The Solution: set_task_status()¶
Use set_task_status() to update the dashboard status from within your task:
from antflow import set_task_status
async def process_openai_batch(file_path: str):
# Step 1: Upload
set_task_status("⬆️ Uploading file...")
file_id = await upload_to_openai(file_path)
# Step 2: Poll with live status
set_task_status("⏳ Polling: preparing...")
while True:
status = await check_batch_status(file_id)
set_task_status(f"⏳ Polling: {status}...")
if status == "completed":
break
await asyncio.sleep(10)
# Step 3: Download
set_task_status("⬇️ Downloading results...")
return await download_results(file_id)
Now the dashboard's "Current Task" column will show:
- ⬆️ Uploading file... (for 2 seconds)
- ⏳ Polling: preparing... (for ~1 minute)
- ⏳ Polling: processing... (for ~3 minutes)
- ⏳ Polling: finalizing... (for ~1 minute)
- ⬇️ Downloading results... (for 3 seconds)
How It Works¶
⚠️ IMPORTANT:
set_task_status()requires polling-based dashboards to work. It does NOT triggerStatusTrackercallbacks. See Limitations for details.
- Context Variable:
set_task_status()uses Python'scontextvarsto update the current worker's state - Dashboard Polling: The dashboard polls
pipeline.get_dashboard_snapshot()every 0.5s (default, configurable) - Real-time Updates: Status changes appear in the dashboard on the next poll cycle
- No Events: This does NOT emit events - callbacks like
on_status_changewill never see these updates
Example: Using with Pipeline.create()¶
from antflow import Pipeline, set_task_status
async def process_file(filename: str):
set_task_status("🔍 Validating...")
await asyncio.sleep(1)
set_task_status("📖 Reading...")
await asyncio.sleep(1)
set_task_status("⚙️ Processing...")
await asyncio.sleep(2)
set_task_status("💾 Saving...")
await asyncio.sleep(1)
return {"file": filename, "status": "done"}
# Run with detailed dashboard to see the "Current Task" column
pipeline = Pipeline.create().add("Process", process_file, workers=3).build()

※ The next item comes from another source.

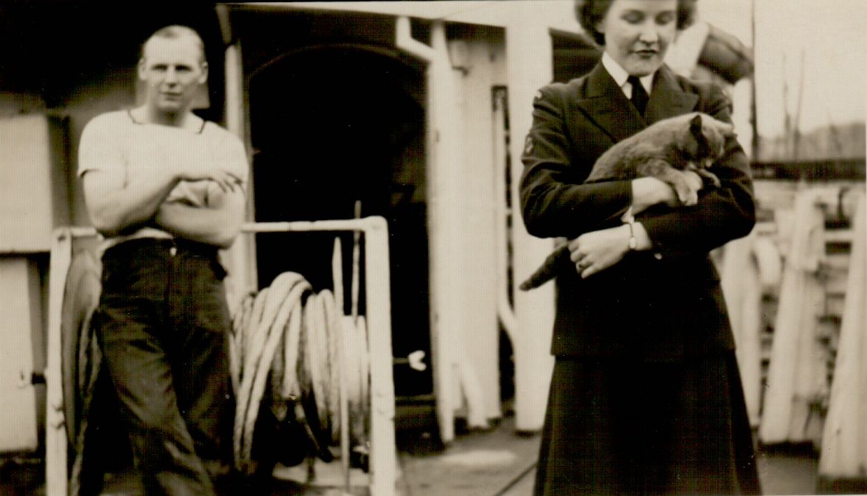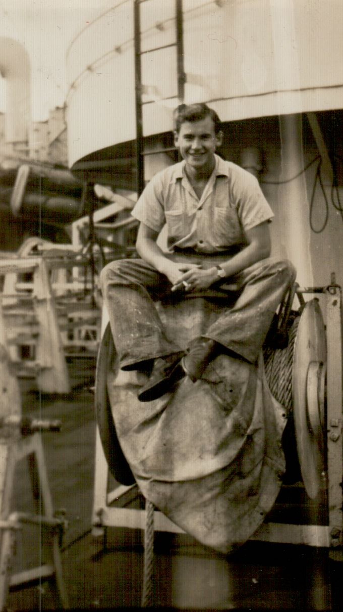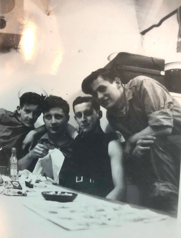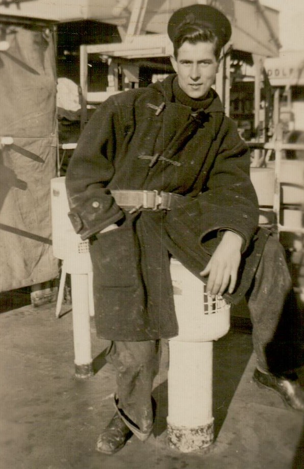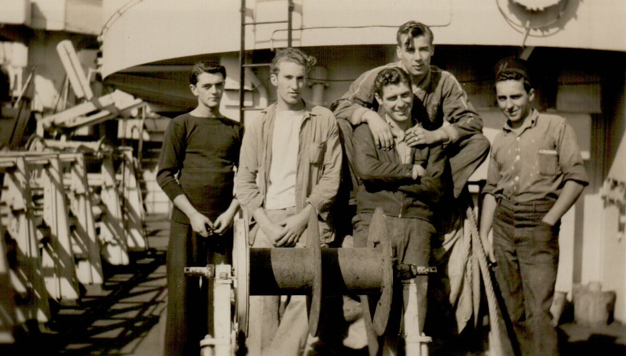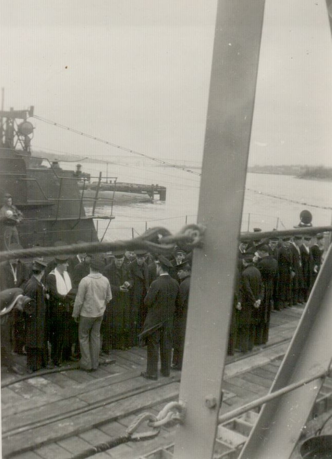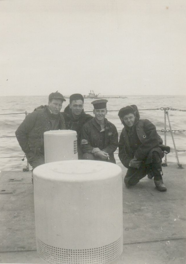 (RJS020) Charlie Thwaites on HMCS CARLPLACE K664 (RJS021) Charlie Thwaites on the right with unknown shipmate on HMCS CARLPLACE K664 (RJS022) L-R: LTO Pete Lowery, ST John Mursa, SD Charles Thwaites, ST Bob Monk on HMCS CARLPLACE K664 with Royal Navy submarine P229 HMS/m SPORTSMAN the background. The SPORTSMAN was escorted by HMCS CARLPLACE from Groton, New London, Conneticut, USA to Holy Loch, Scotland, Apr 1945 (RJS023) Unknown sailors on the quarterdeck of HMCS CARLPLACE K664 (RJS024) Unknown sailors in the after gun tub on HMCS CARLPLACE K664
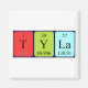 Tyla spelled out as T Y La (Tritium Yttrium Lanthanum) on a magnet for the scientist in you.

results = await pipeline.run(files, dashboard="detailed")
Example: Using with Stage¶
from antflow import Pipeline, Stage, set_task_status
async def upload_batch(file_path: str):
set_task_status("📦 Preparing batch...")
await asyncio.sleep(0.5)
set_task_status("⬆️ Uploading to API...")
await asyncio.sleep(1)
return f"batch-{file_path}"
async def poll_batch(batch_id: str):
statuses = ["validating", "processing", "finalizing", "completed"]
for status in statuses:
set_task_status(f"⏳ Status: {status}...")
await asyncio.sleep(2)
return {"batch_id": batch_id, "status": "completed"}
# Multi-stage pipeline with status updates in each stage
stages = [
Stage(name="Upload", workers=5, tasks=[upload_batch]),
Stage(name="Poll", workers=10, tasks=[poll_batch])
]
pipeline = Pipeline(stages=stages)
results = await pipeline.run(files, dashboard="detailed")
Best Practices¶
- Use Emojis: Visual indicators make status easier to scan (📦 🔍 ⬆️ ⬇️ ⚙️ ✅ ❌)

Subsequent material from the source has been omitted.